Even making it deep into the seventh was a big step forward for Gray. The last time he reached 6 2/3 innings was June 25, 2018, against the Rays, and he reached that point only three times in 23 starts that season. Friday's success is a reassurance for the Reds after signing Gray to a three-year, $30.5 million contract extension this offseason.
But as with Luis Castillo on Wednesday, just a couple of pitches were enough to allow the game-winning run. On his first pitch of the seventh inning, Gray hung a curveball against Starling Marte, and three batters later, Kang knocked in the game-winning run on a curveball in the middle of the zone.
"At the end of the day, I want to say it was a good outing," Gray said, "but you come away and lose a ballgame, that's all that really matters. Come away losing a ballgame, and it's not fun."
Offense streaking in wrong direction
For the third straight night and fourth time this season, the Reds were shut out by their opponent. It extended a run-scoring drought to 28 innings, the longest for the club since Aug. 5-8, 2015.

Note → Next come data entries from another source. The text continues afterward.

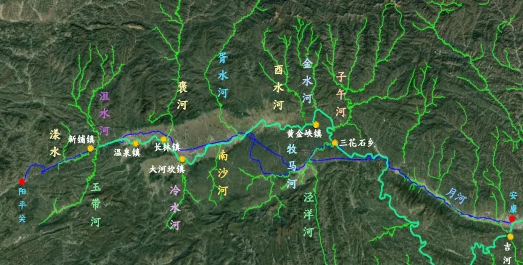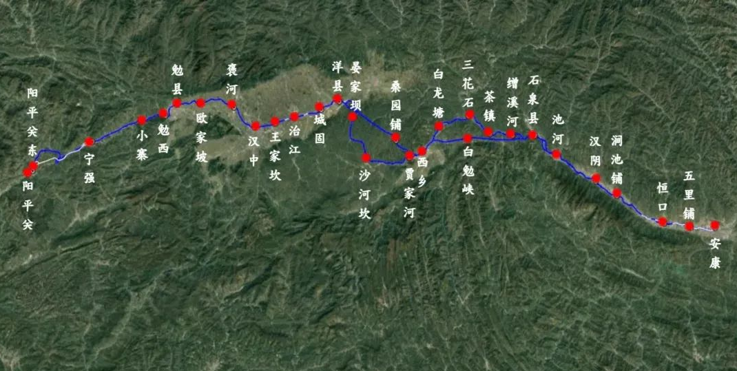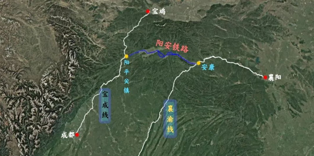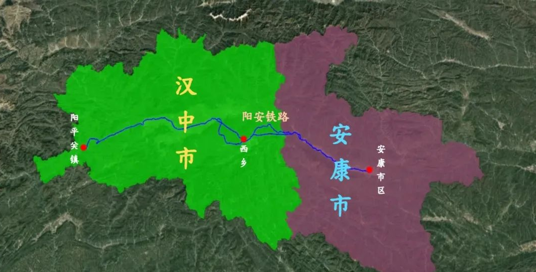 现在的阳安铁路有阳安铁路二线和阳安铁路一线的区分,在本文中着重描述的是一线,这条铁路从阳平关镇出发,经宁强,勉县,汉中市区,城固,西乡,石泉,汉阴到安康,全长351公里,这是秦巴山区至关重要的一条东西向通道。
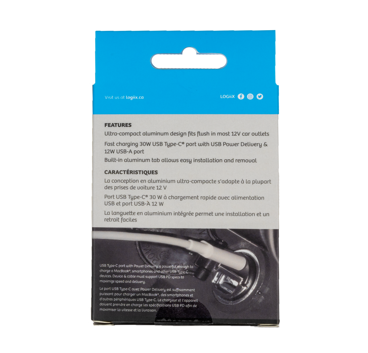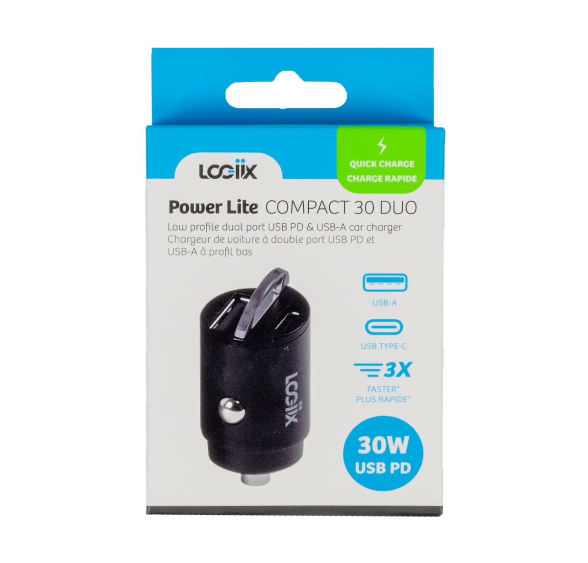 The LOGiiX Power Lite Compact 30 Duo is a low profile dual port car charger that fits into any 12V in-car plug. Perfect for roadtrips, this car charger is capable of charging your device up to 72% in just 45 minutes with the USB Type-C power delivery port. This ultra-small car charger comes with a built-in aluminum tab that allows for easy installation and removal. The Power Lite Compact 30 Duo features a single USB Type-C Power Delivery port along with an additional fast-charging USB-A port, ensuring that you can fast charge up to 2 devices at once!
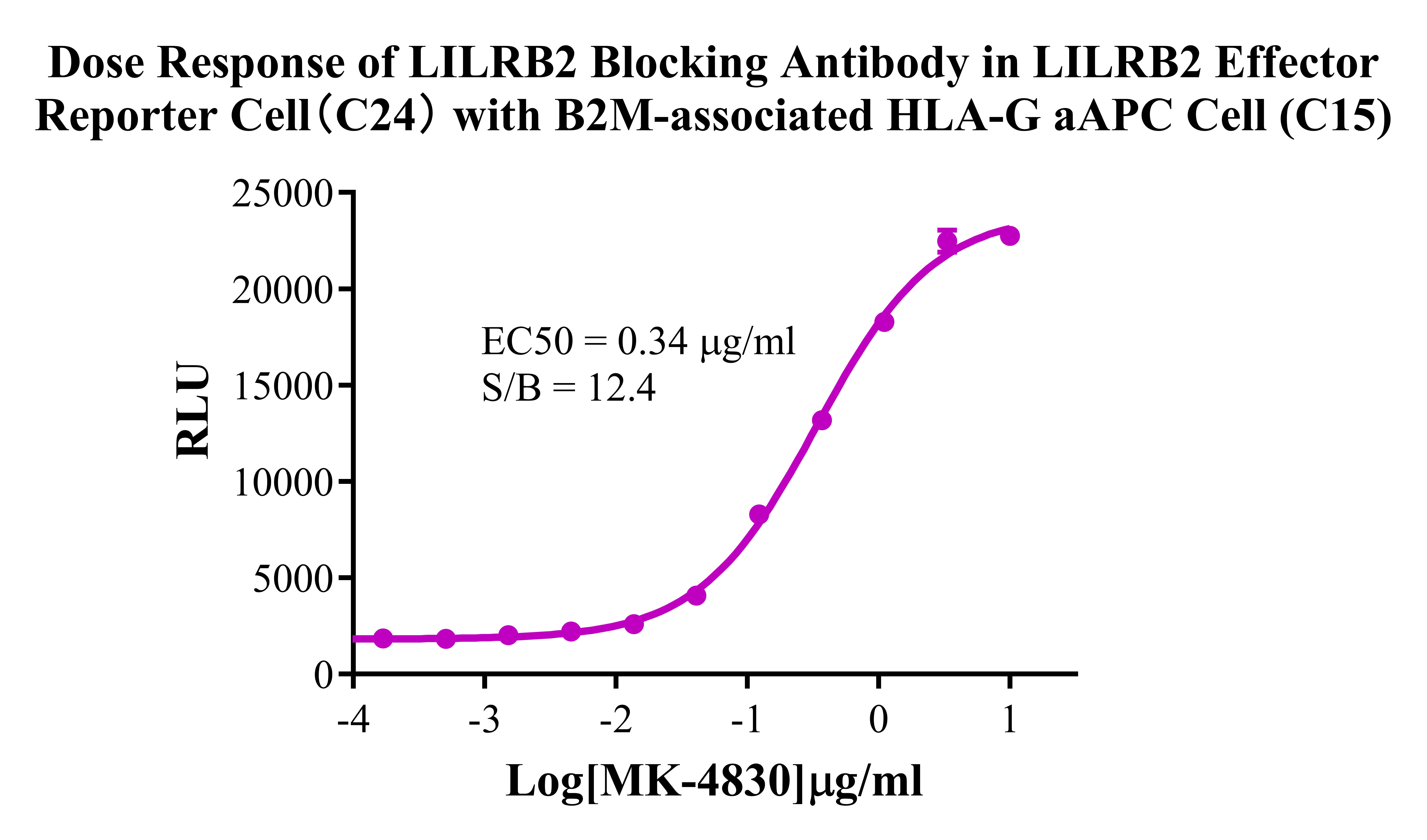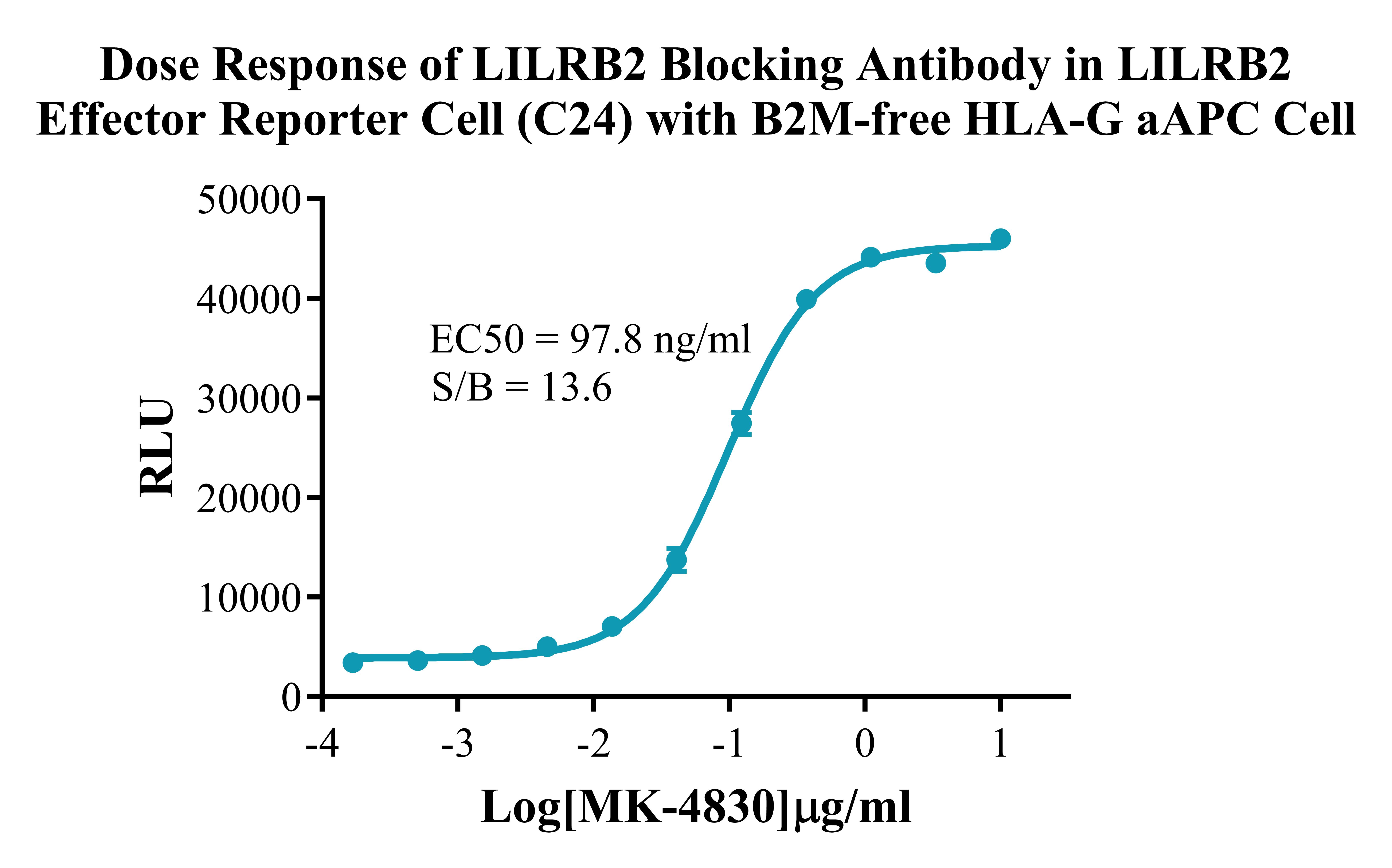 Figure 3.Dose Response of LILRB2 Blocking Antibody in LILRB2 Effector Reporter Cell (C24) With B2M-associated HLA-G/aAPC Cells(C15).  |
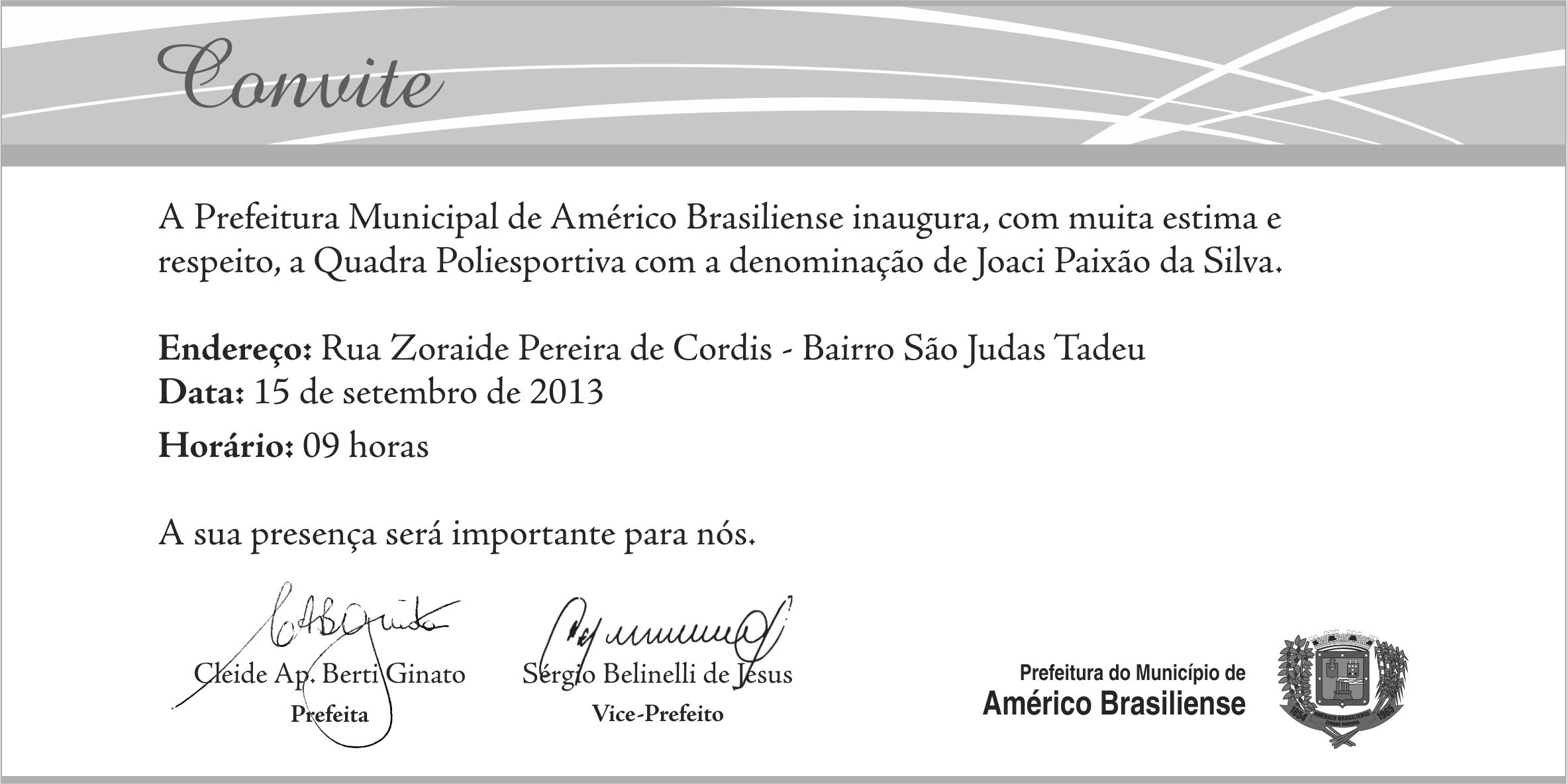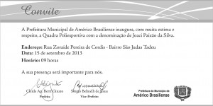 Convite Inauguração Quadra Poliesportiva
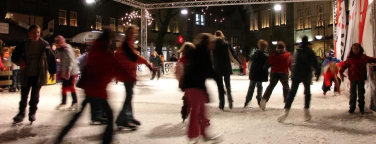 Die Eisbahn auf dem Marktplatz in Beckum lädt die Ganze Familie zum Schlittschuhlaufen ein.
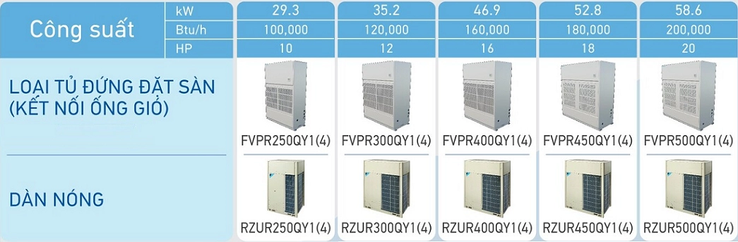 Máy lạnh tủ đứng Daikin FVPR-QY1 Inverter Gas R410a - Nối ống gió, công nghệ Nhật Bản, sản xuất tại Thái Lan. Dòng máy công nghiệp Packaged dành cho nhà máy và xí nghiệp.
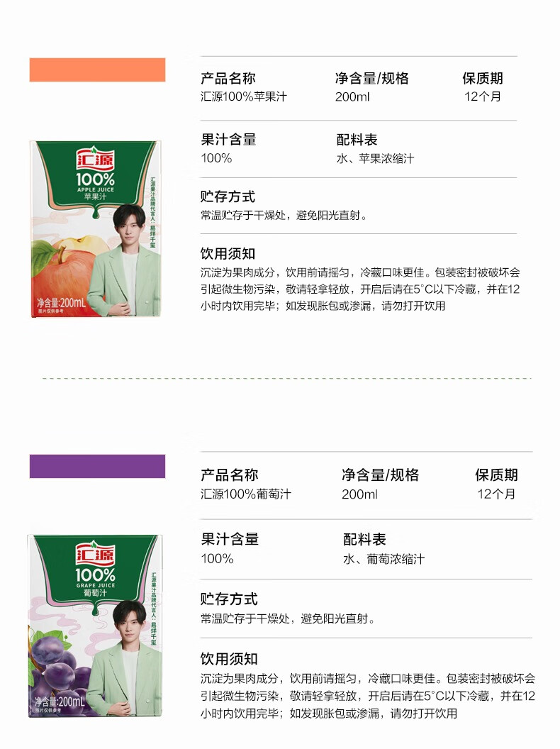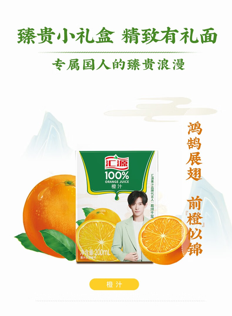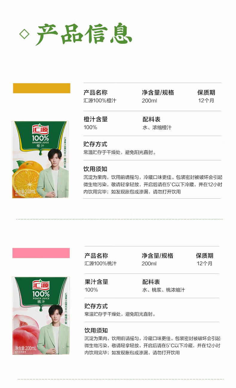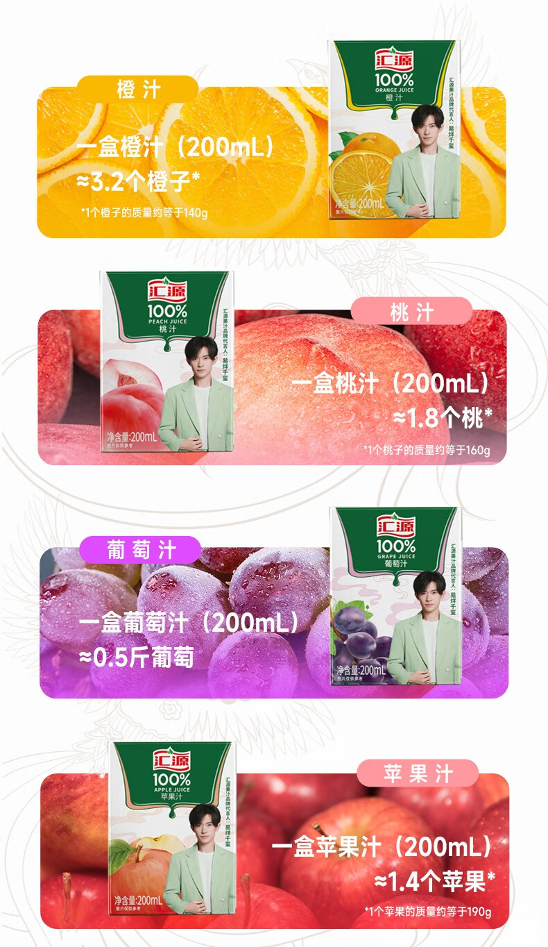 商品名称:汇源果汁汇源100%橙汁桃汁苹果汁葡萄汁0无添加纯果汁饮料浓缩果蔬汁 混合口味125ml*15盒【礼盒装】
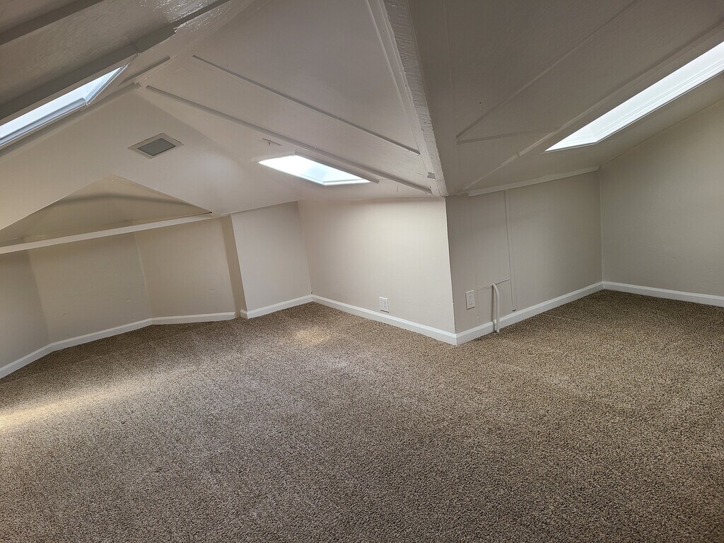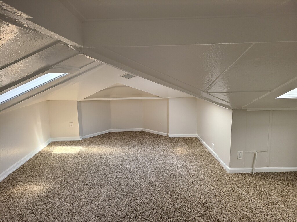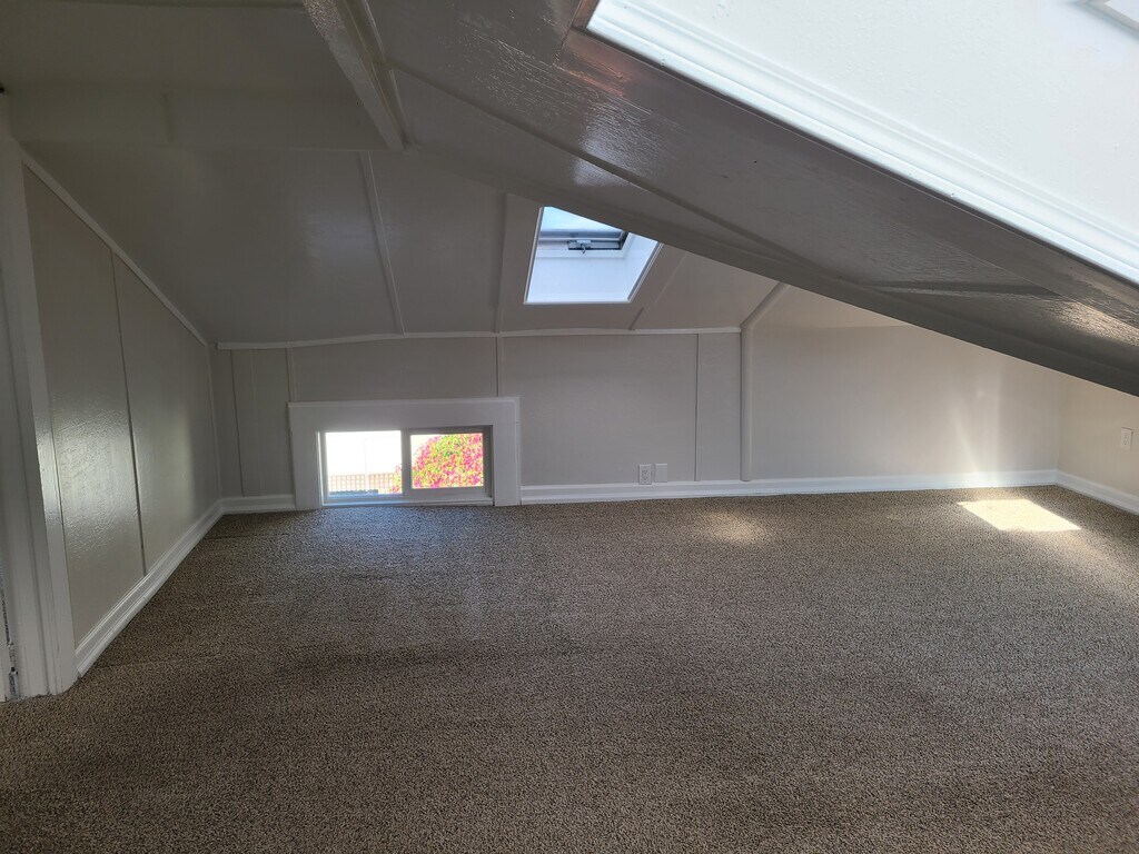 This unit is the upstairs unit of a duplex. It is one of a group of houses located on secure and garden oasis within Emeryville. We are a stable and Gated long-term community of creative dynamic working professionals. The property consists of two old Victorians, a renovated carriage house and a vintage four plex. It was once part of a large cherry orchard estate and still has an old-world charm. You can drive in, enjoy small colorful community of close-knit neighbors, gardens, gathering areas and leave the chaos of the city behind. The newly painted and partially renewed carpeted 1331sq ft apartment for rent has two bedrooms and an office offering windows, skylights and lots of natural light and one tiled bathroom. This unit has lower ceilings (about 6'4"0 that follow an angular roof line (see photos). Enjoy your morning coffee or evening glass of wine on the 140 sq ft deck over looking all the gardens or at one of the outdoor fireplace gathering areas around the property under a variety of beautiful trees and pergolas and nestled in beautiful gardens. There is a beautiful, large, built in out door barbecue that we have Friday afternoon get togethers at every week. New carpet and paint. Kitchen has a Bosch dishwasher, and a Wolf 36" commercial range with griddle, LG refrigerator and a garbage disposal. Renovated for energy efficiency double pane windows, gas fireplace heating and an on demand hot water heater. FREE on-site laundry and off-street parking. FREE high-speed internet (WEB PASS). Bike storage, extensive grounds and gardens, sitting and picnic areas. Set back off the street for quiet living. This apartment is available for rent January 1st. This apartment is near Arizmendi, Pixar and walking distance to a host of other shops and restaurants. The free Emery-go-round stops nearby to take you to work, shopping, and BART. We are walking distance from MacArthur BART station (10 mins) and all major bus lines to the city and East Bay (1 min). You can live here without using your own transportation. There is however an included parking spot on the secure property and off the street for this unit. Each applicant must meet these requirements: Good credit and references are required. Income must be 3x rent, no past evictions, verifiable income, and positive rental history. No smoking on property or in units. This property is a space is an inclusive space for community, respect for our neighbors within our community, quiet living and no loud parties. On site manager takes care of all repairs. Water, Garbage, and internet are paid. $2500.00 deposit.

Joey Votto and Eugenio Suarez provided power to try to end that spell, doubling in the first and second innings, respectively. But Yasiel Puig's hard line-drive double play ball ended the first, and Joe Musgrove struck out two in the second on his way to eight strikeouts on the night.
The Reds had just one hit the rest of the game. Their 34 hits are the fewest in the Majors, and they've averaged 1.57 runs per game in their first seven bouts.
"You can't really dwell on it. I don't really know what else to say," Bell said. "Our job is not to dwell on those things. We're trained [that way] and all our players are.
"It's why they're here, because they don't dwell on this, and they come out, they continue to work and work their way through it. We believe in them, and it's pretty much that simple for us."